我需要比较的X和Y染色体的DNA序列，和寻找模式（约50-75个碱基对组成）所特有的Y染色体。请注意，这些序列的部分可以在染色体重复。这需要快速进行（BLAST需要47个天，需要几个小时或更小）。是否有任何特别的算法或方案适合于这种比较？此外，速度是关键在这里。

一个我把这个SO的一个原因是，从特定应用领域以外的人，谁可以提出自己的字符串比较使用在日常使用的算法，可以适用于我们利用获得的视角。
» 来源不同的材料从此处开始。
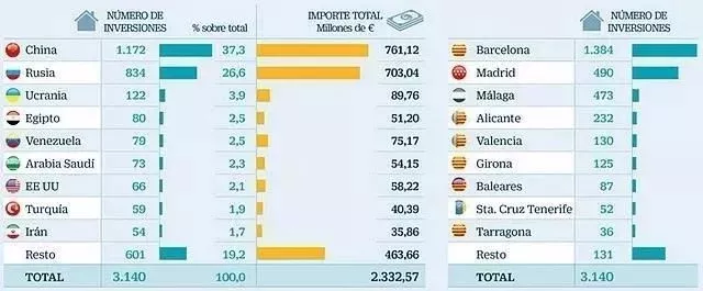 截至2017年年底,持黃金簽證進入西班牙各國人士投資一覽表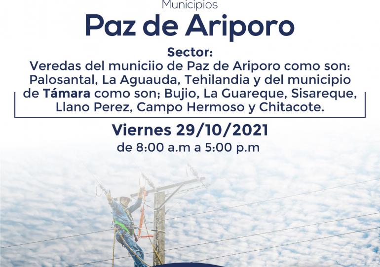 ENERCA, a través de sus redes sociales ha comunicado la suspensión del servicio de energía eléctrica en veredas del municipio de Paz de Ariporo y el municipio de...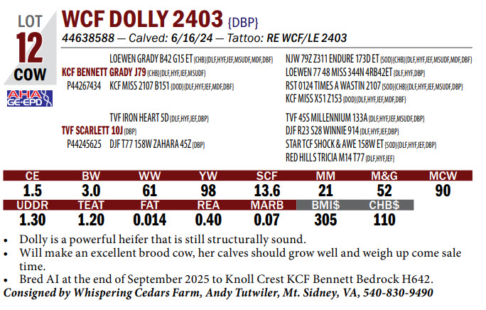 44638588 — Calved: 6/16/24 — Tattoo: RE WCF/LE 2403 Dolly is a powerful heifer that is still structurally sound.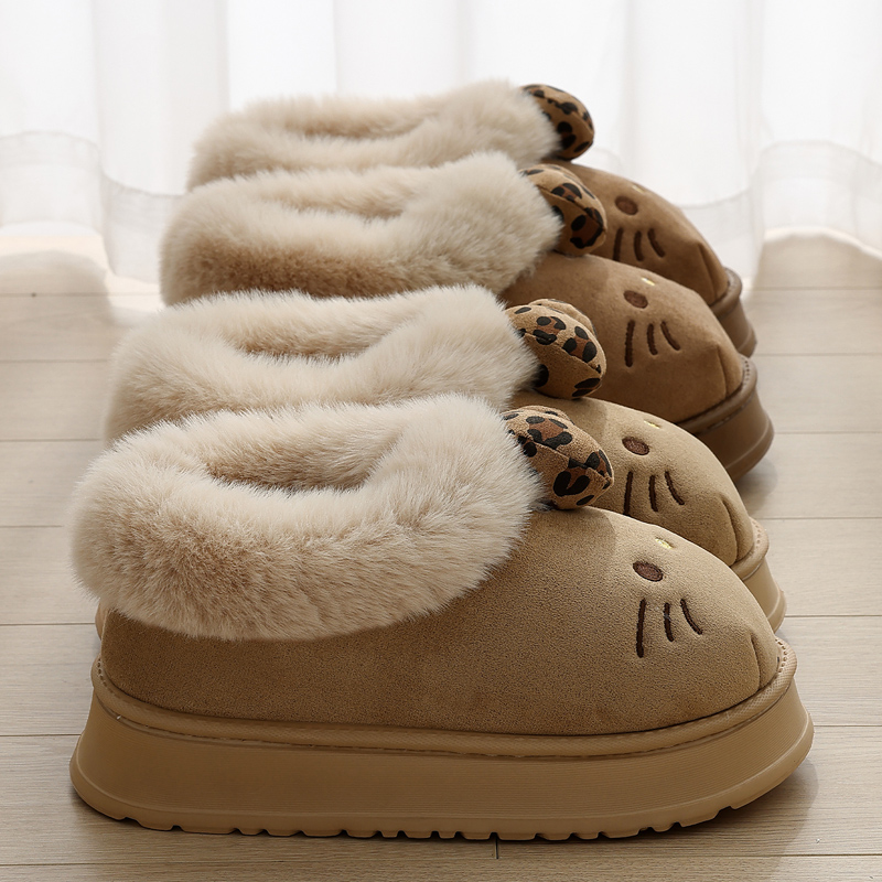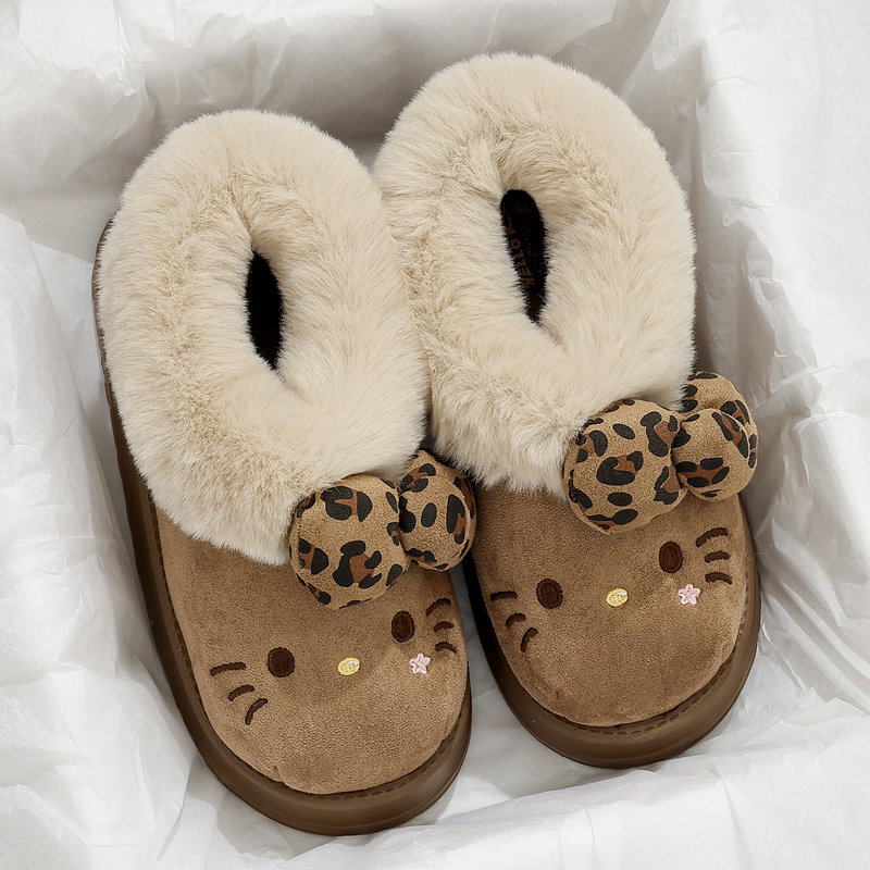 QYCKABYHelloKitty高帮棉拖鞋女冬季加绒保暖厚底包跟棉鞋女外穿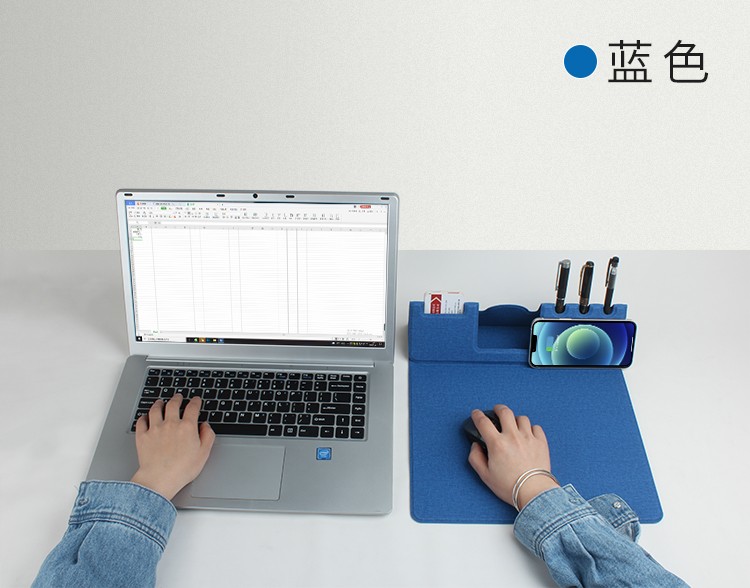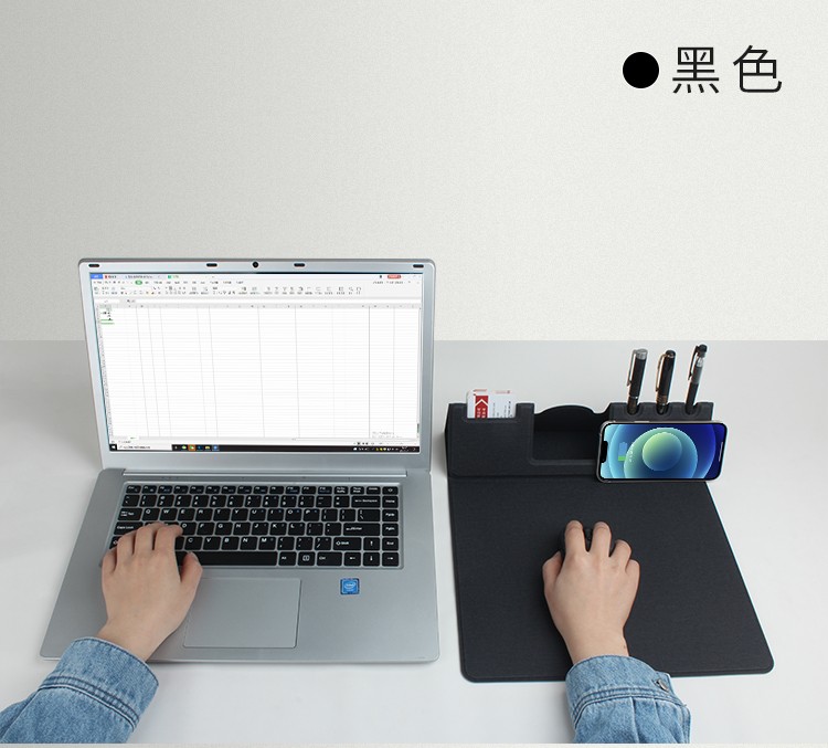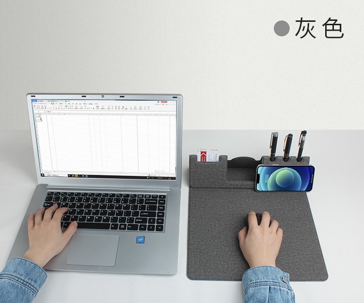 支架款無線充鼠標(biāo)墊,手機(jī)一放,立即充電,給手機(jī)提供支架,布面,表面細(xì)膩、平整、操作穩(wěn)定,底部淺絨,防滑穩(wěn)固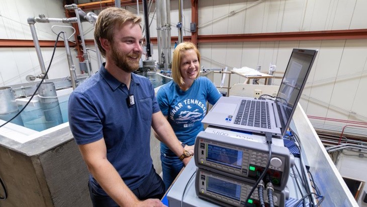 凱爾·里德 (Kyle Reed) 和黛安·埃澤爾 (Dianne Ezell) 在反應堆池中測試傳感器晶體管時收集數據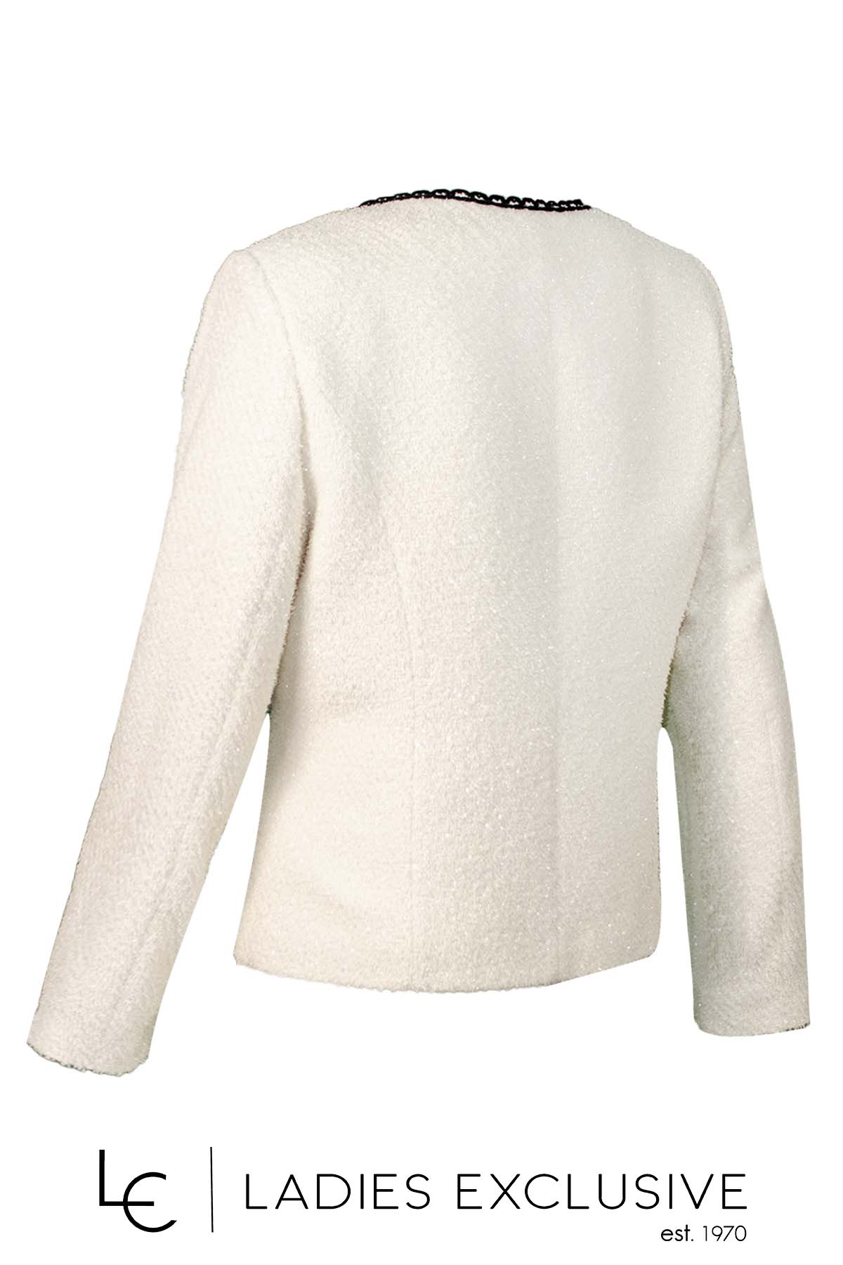 ESTEL Σακάκι εκρού μπουκλέ με λεπτομέρεια μαύρη τρέσα. ΔΙΝΕΤΑΙ ΜΟΝΟ ΣΑΝ ΣΕΤ με το φόρεμα με κωδικό 08553-00.24.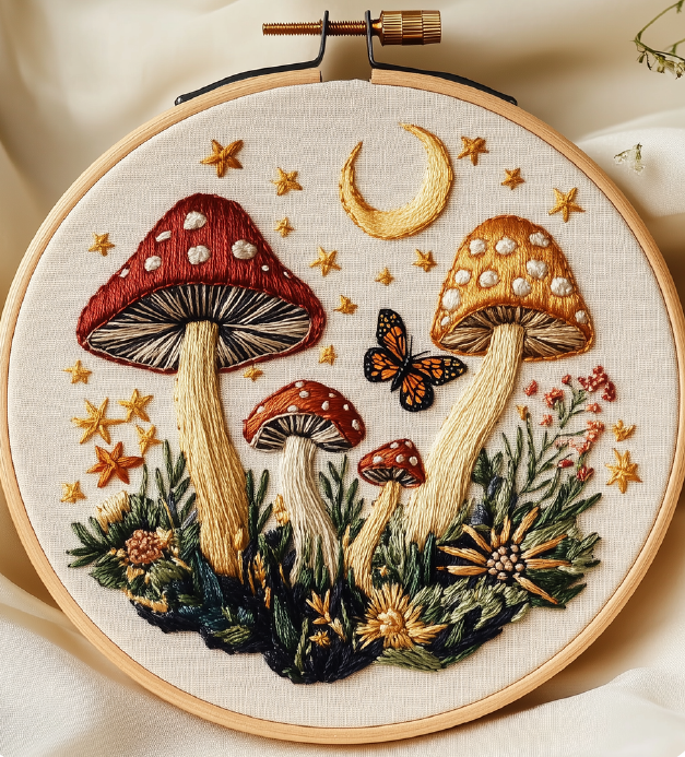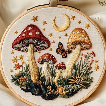 Mushrooms Hand Embroidery - Peel Stick & Stitch Patterns

所以，不要害羞！

解决方案 在构建序列X中的后缀树秒。 对于序列Y每个首发位置我，寻找Y [i..i + 75]在S.如果不匹配，可以发现在首发位置i（即，如果查找失败J＆LT后面的字符串; 75个核苷酸配对），那么你已经找到了长度-J字符串唯一为y。 在最小的这类字符串在所有起始位置我是最短的唯一的字符串（或只是暂停后，你发现任何这样的字符串，如果你不感兴趣的最小化的长度）。

总时间：O（| X | + M | Y |），其中m为最大字符串长度（如：M = 75）

有基于广义后缀树可能是更高效的算法。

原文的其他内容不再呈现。